=== Section Start ===

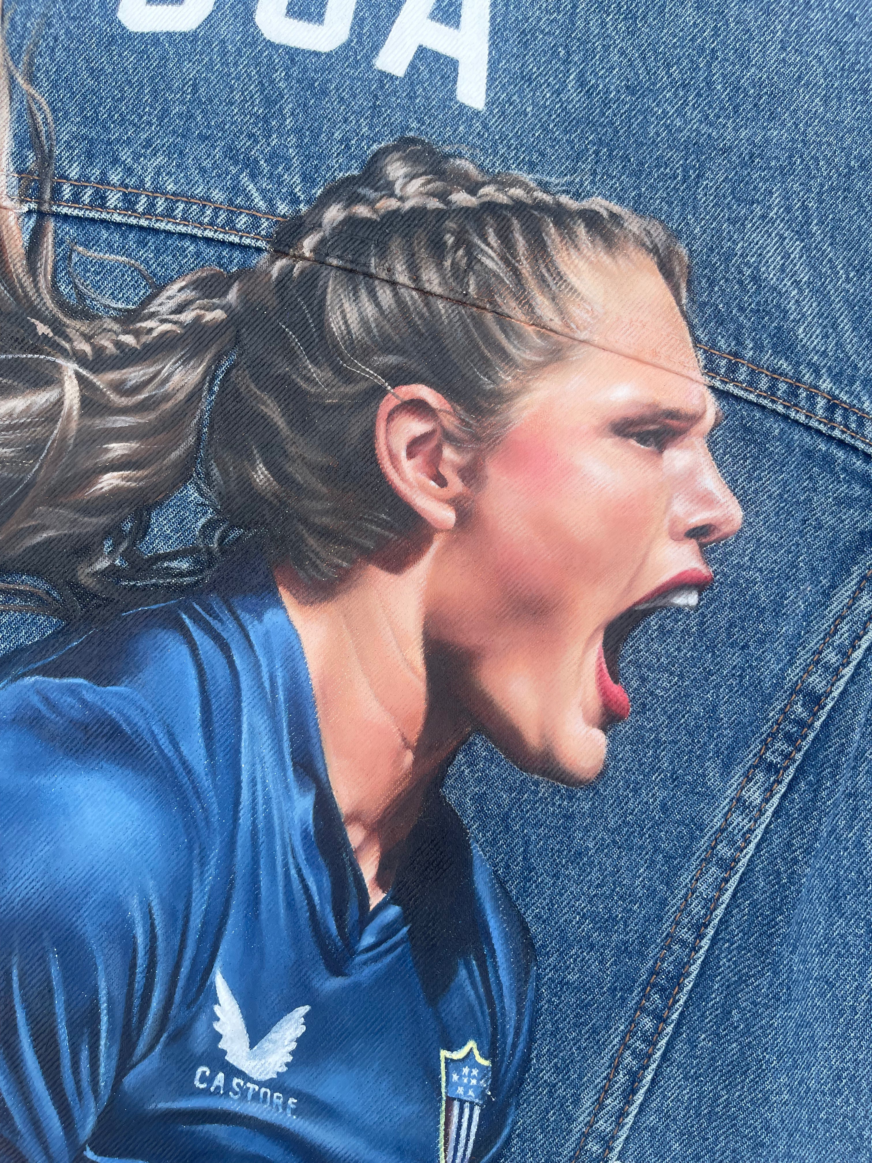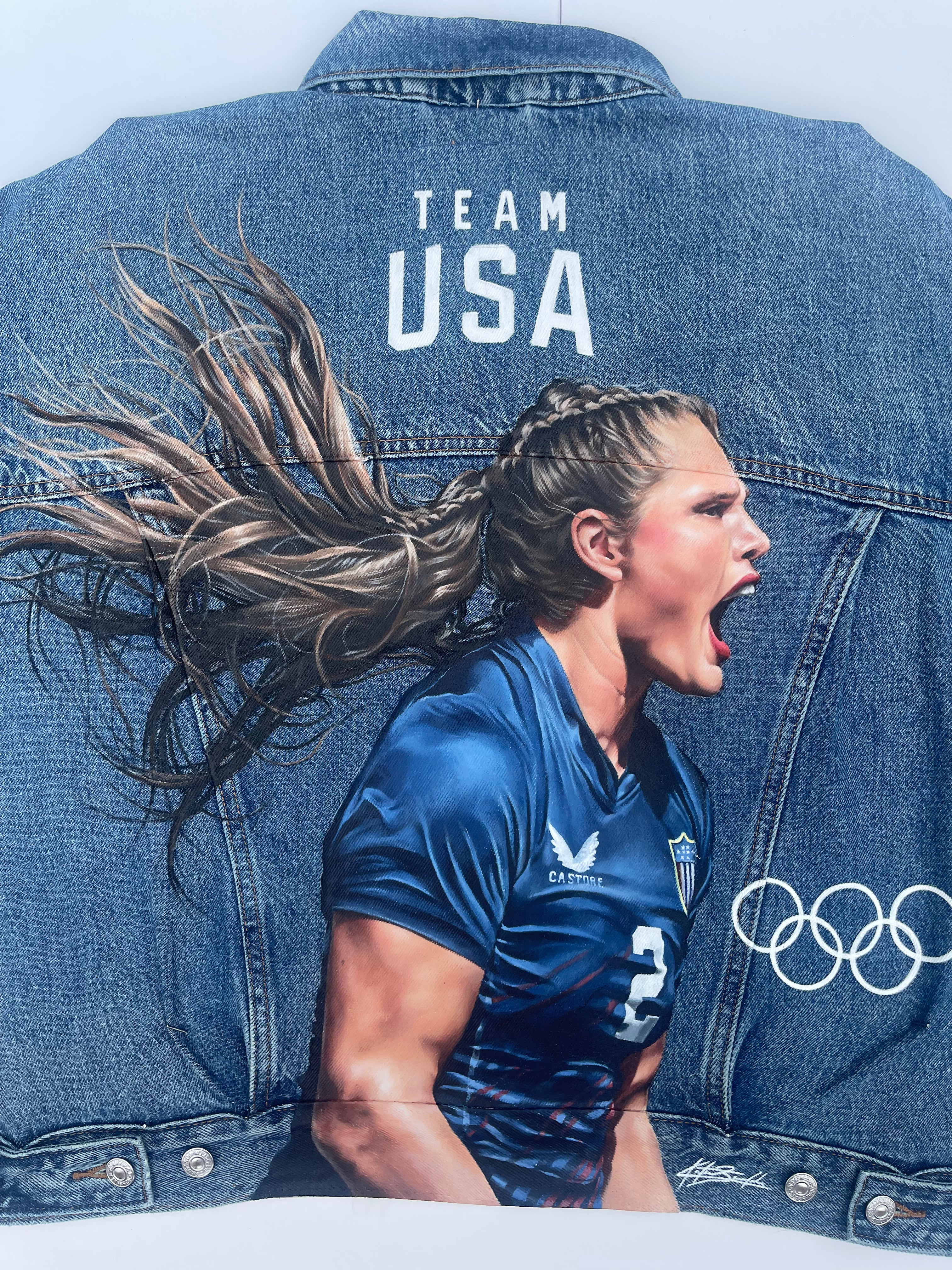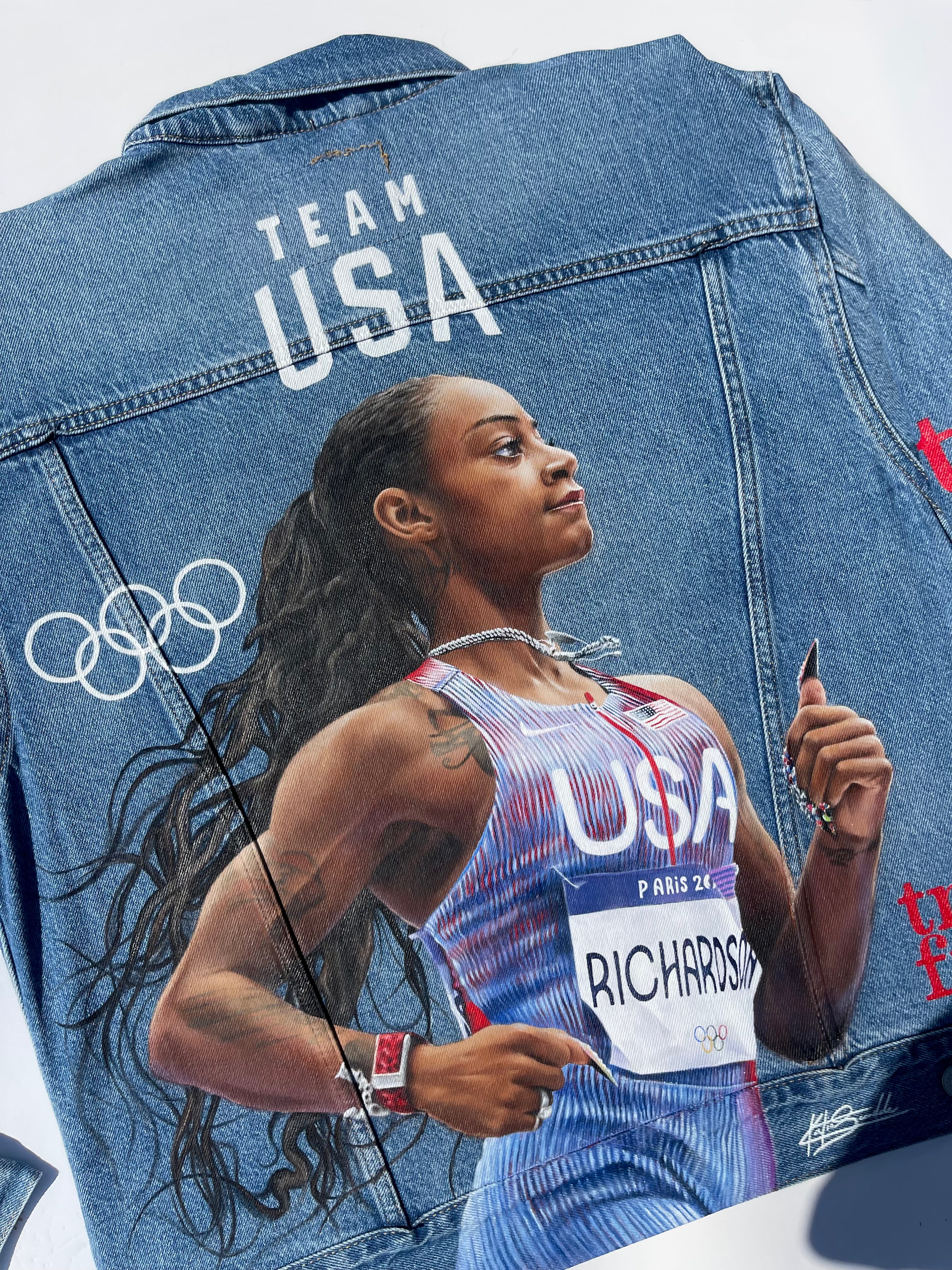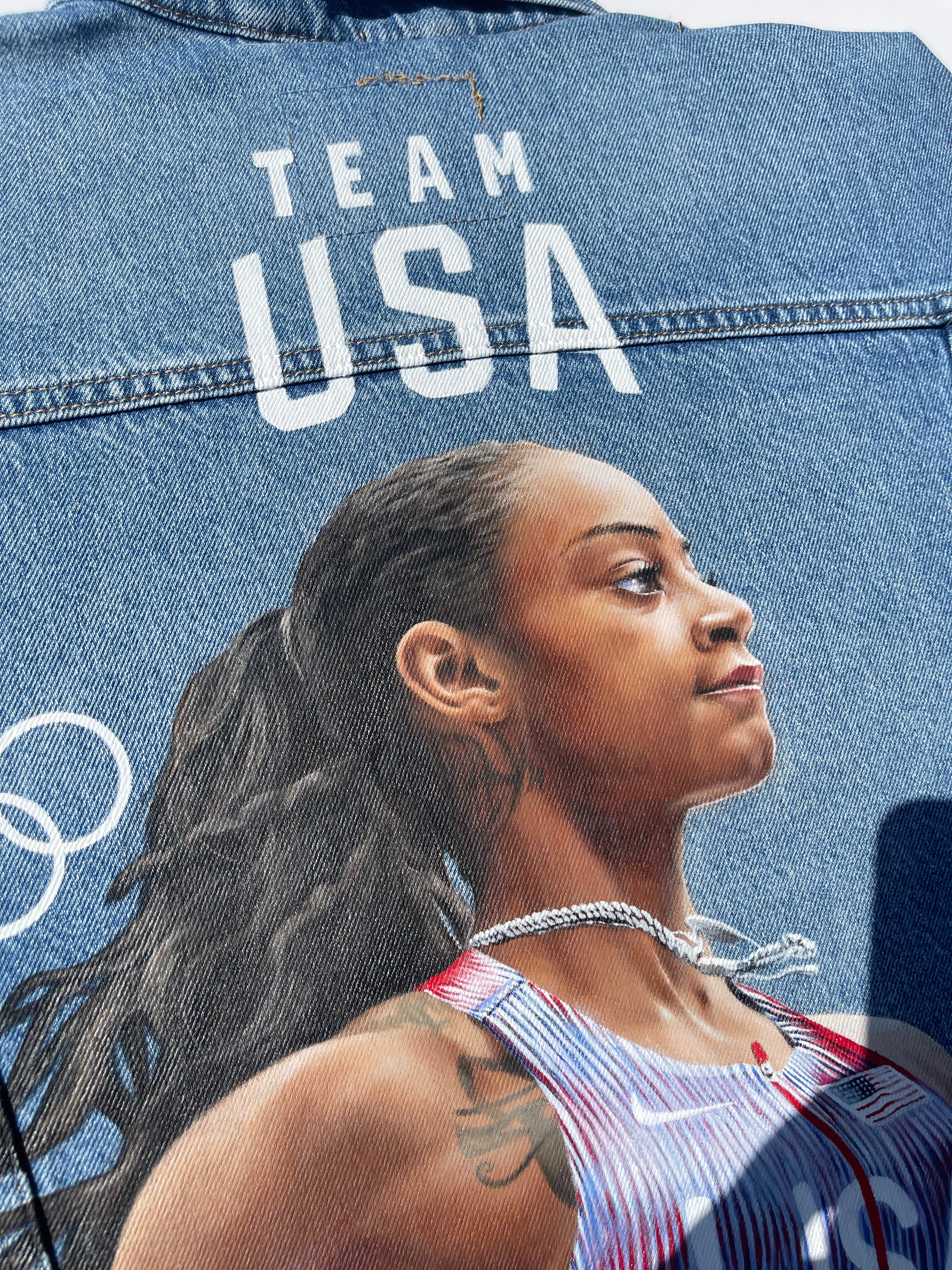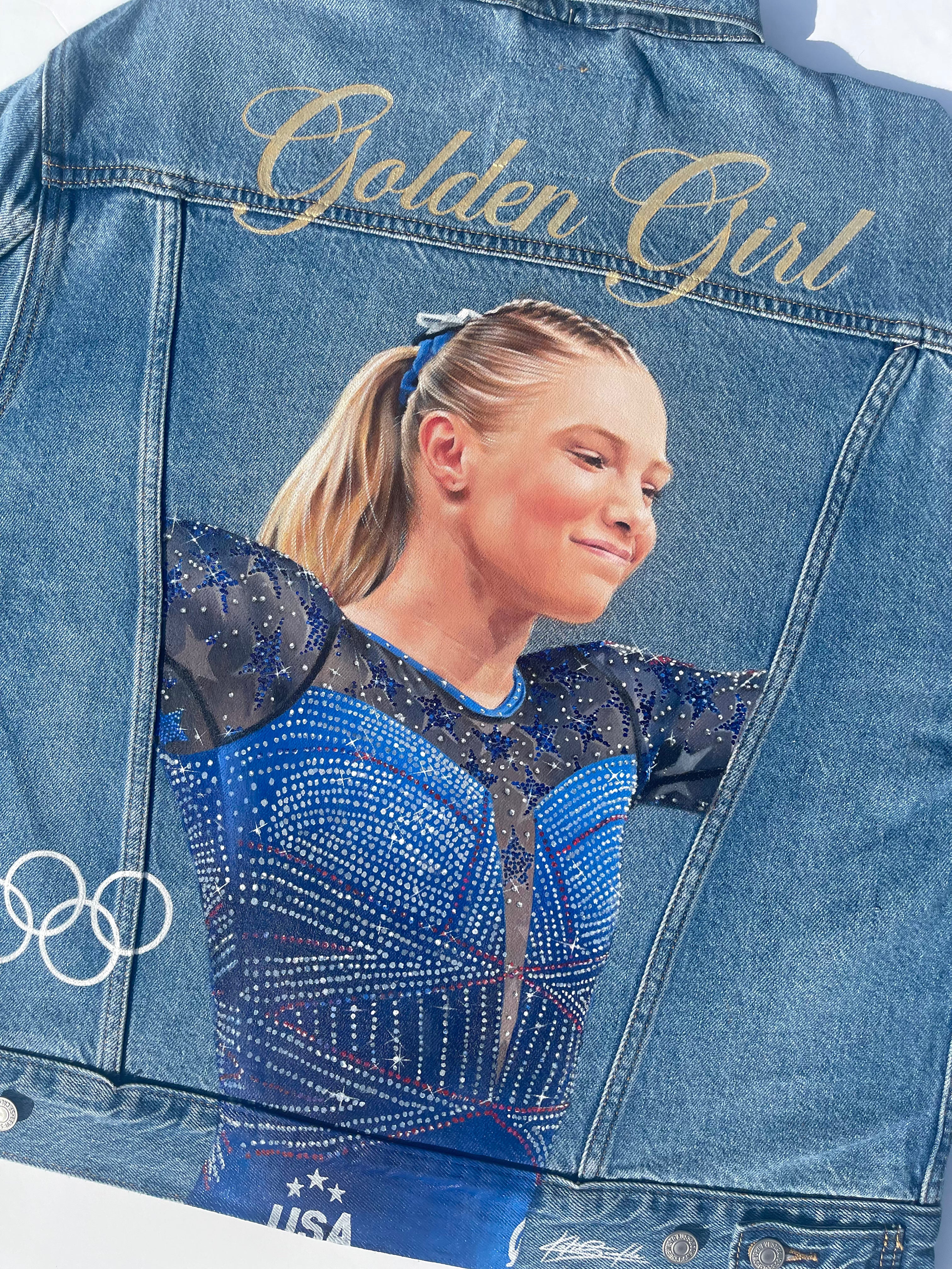 TRÜ FRÜ commissioned denim jackets for four Olympian medalists, Simone Biles, Ilona Maher, Sha'Carrie Richardson and Jade Carey
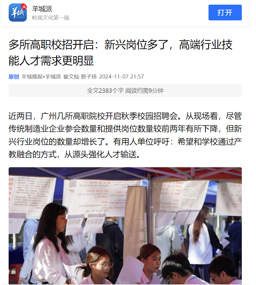 近兩日,廣州幾所高職院校開啟秋季校園招聘會(huì)。從現(xiàn)場(chǎng)看,盡管傳統(tǒng)制造業(yè)企業(yè)參會(huì)數(shù)量和提供崗位數(shù)量較前兩年有所下降,但新興行業(yè)崗位的數(shù)量卻增長(zhǎng)了。有用人單位呼吁:希望和學(xué)校通過(guò)產(chǎn)教融合的方式,從源頭強(qiáng)化人才輸送。
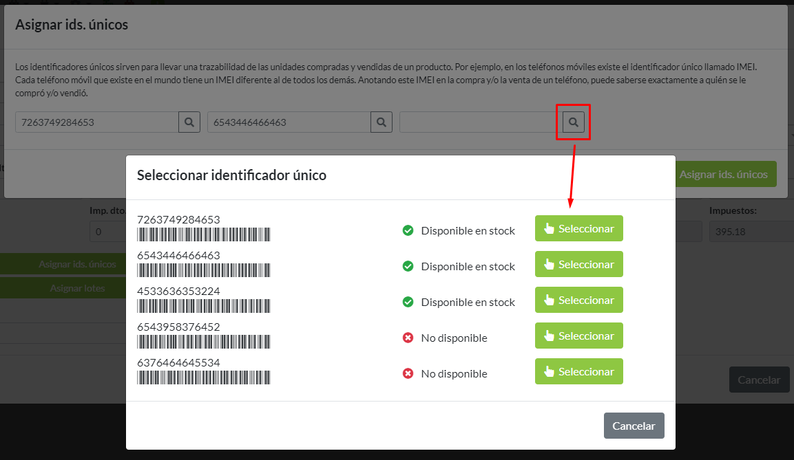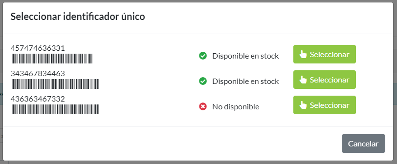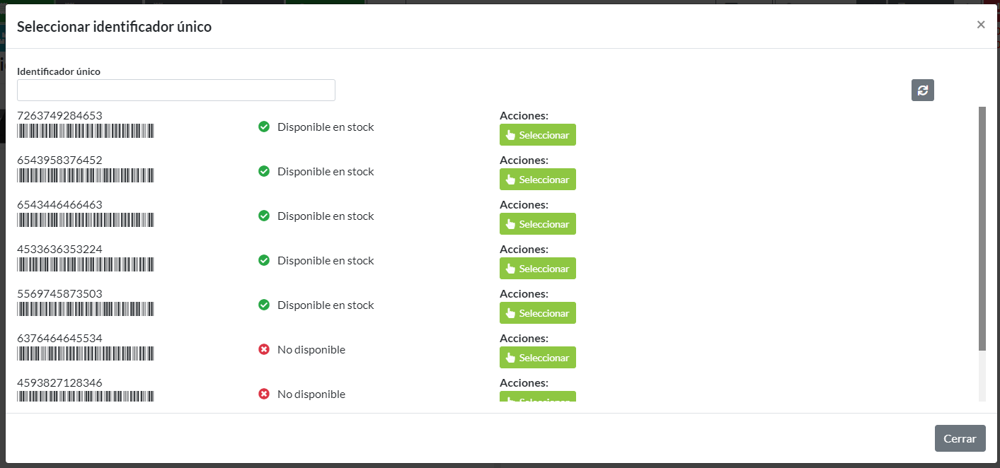 Cada uno de estos campos cuenta con un botón de búsqueda para poder acceder al listado de identificadores únicos registrados en el sistema para ese producto. En el listado se detalla el número del identificador con un código de barras y el estado de stock actual, y con un botón para seleccionar el identificador y asociarlo al movimiento de entrada o salida.
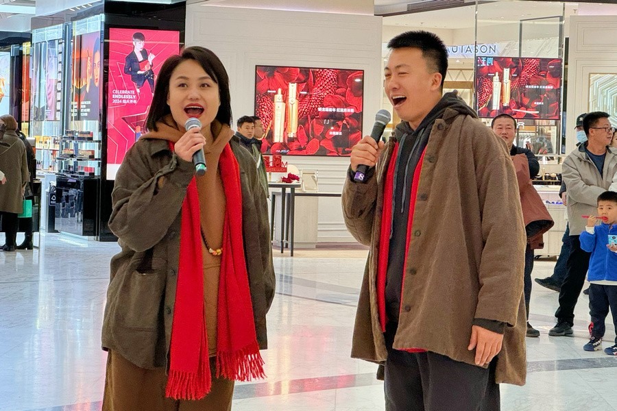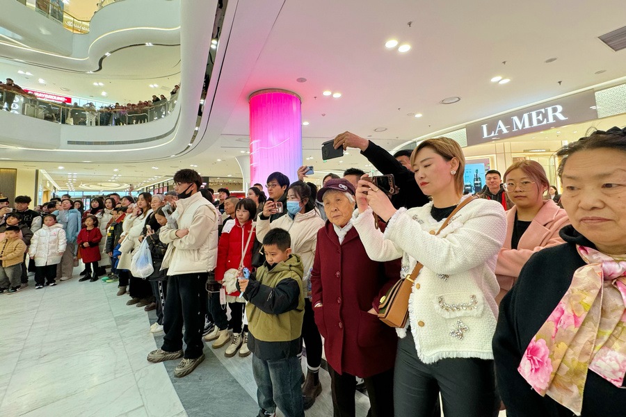 當天是甲辰龍年正月初五,商場里闔家出行的市民和外地游客絡(luò)繹不絕,大家興致盎然地圍觀了演出。
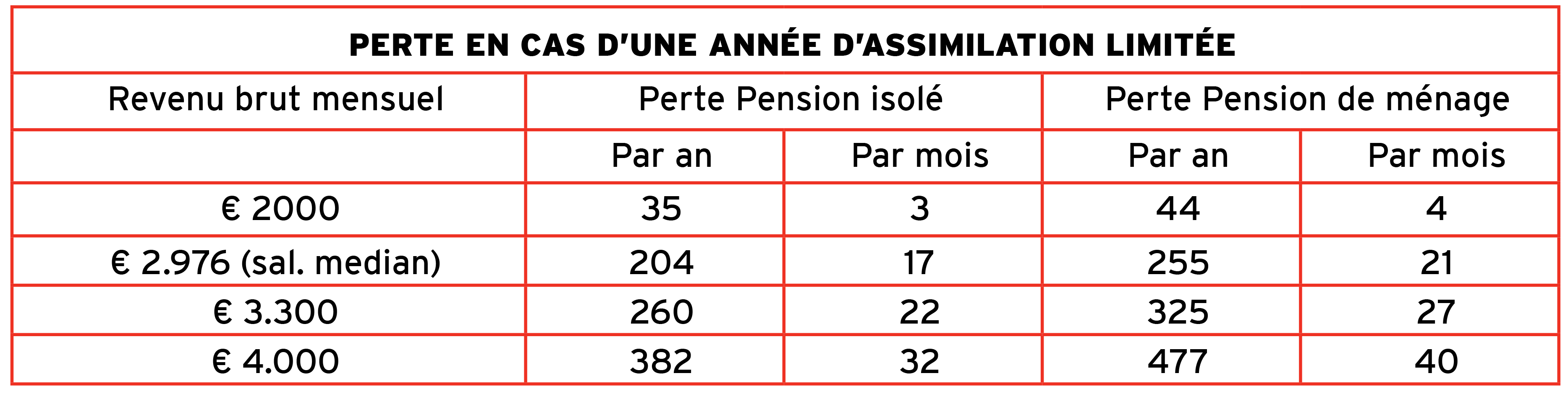 - Les femmes sont également lourdement touchées par ces mesures : le travail à temps partiel avec maintien des droits (nettoyage, commerce, aides familiales, titres services, ALE…) est directement concerné. Avec une durée de carrière moyenne plus courte, les femmes touchent en moyenne des pensions plus basses, sur lesquelles la limitation des périodes assimilées auront un impact très lourd !
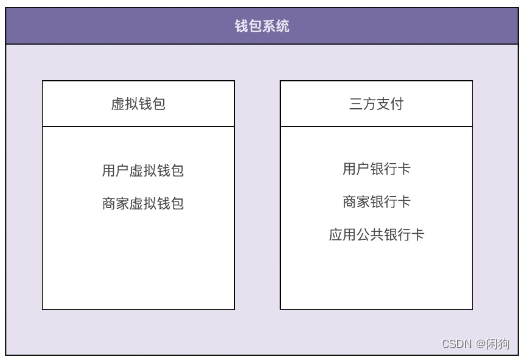 整个钱包系统的业务划分为两部分,其中一部分单纯跟应用内的虚拟钱包账户打交道,另一部分单纯跟银行账户打交道。基于这样一个业务划分,给系统解耦,将整个钱包系统拆分为两个子系统:虚拟钱包系统和三方支付系统。
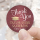 Fügen Sie eine elegante personalisierte Touch zu Uni oder High School Abschluss Dankeschön Karten und Gastgeschenke mit bordeauxfarbenen, weiß und gold rund Aufkleber / Umschlag Aufkleber. Der gesamte Text ist einfach anzupassen. Das Design besticht durch die rot gebürsteten Imitate mit metallischem Hintergrund, die Mütze aus Imitat-Folien und die moderne Schrift-Typografie im Kalligrafiestil. Bitte beachten Sie, dass Gold farblich gedruckt ist, nicht als Folie. Herzlichen Glückwunsch an den Absolventen!
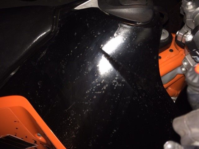nachdem ich mir eine gebrauchte SE gekauft habe, musste ich beim Tanken gleich eine ziemlich üble Entdeckung machen: Mir ist Benzin übergepladdert und die kurze Zeit, die es brauchte, um mir ein paar Tücher zu holen, haben die Außenseite des Tanks so angegriffen, dass die hässlichen Laufnasen mit Blasen nicht mehr weggehen... Bleibt mir wohl nichts anderes übrig als bis zum Winter zu warten, das Ding abzubauen und zum Lackieren zu geben, oder hat jemand ne charmante Idee (wer denkt sich denn so nen Mist aus - nen Tank, der nicht benzinbeständig ist dry )?

=== Section End ===

_Work required_
What is needed is an exact copy of the lines above, from the one holding "- Les femmes" down to the one holding "整个钱包系统的业务划分为两部", with those two included and the pictures left out.

_Task result_
 - Les femmes sont également lourdement touchées par ces mesures : le travail à temps partiel avec maintien des droits (nettoyage, commerce, aides familiales, titres services, ALE…) est directement concerné. Avec une durée de carrière moyenne plus courte, les femmes touchent en moyenne des pensions plus basses, sur lesquelles la limitation des périodes assimilées auront un impact très lourd !
 整个钱包系统的业务划分为两部分,其中一部分单纯跟应用内的虚拟钱包账户打交道,另一部分单纯跟银行账户打交道。基于这样一个业务划分,给系统解耦,将整个钱包系统拆分为两个子系统:虚拟钱包系统和三方支付系统。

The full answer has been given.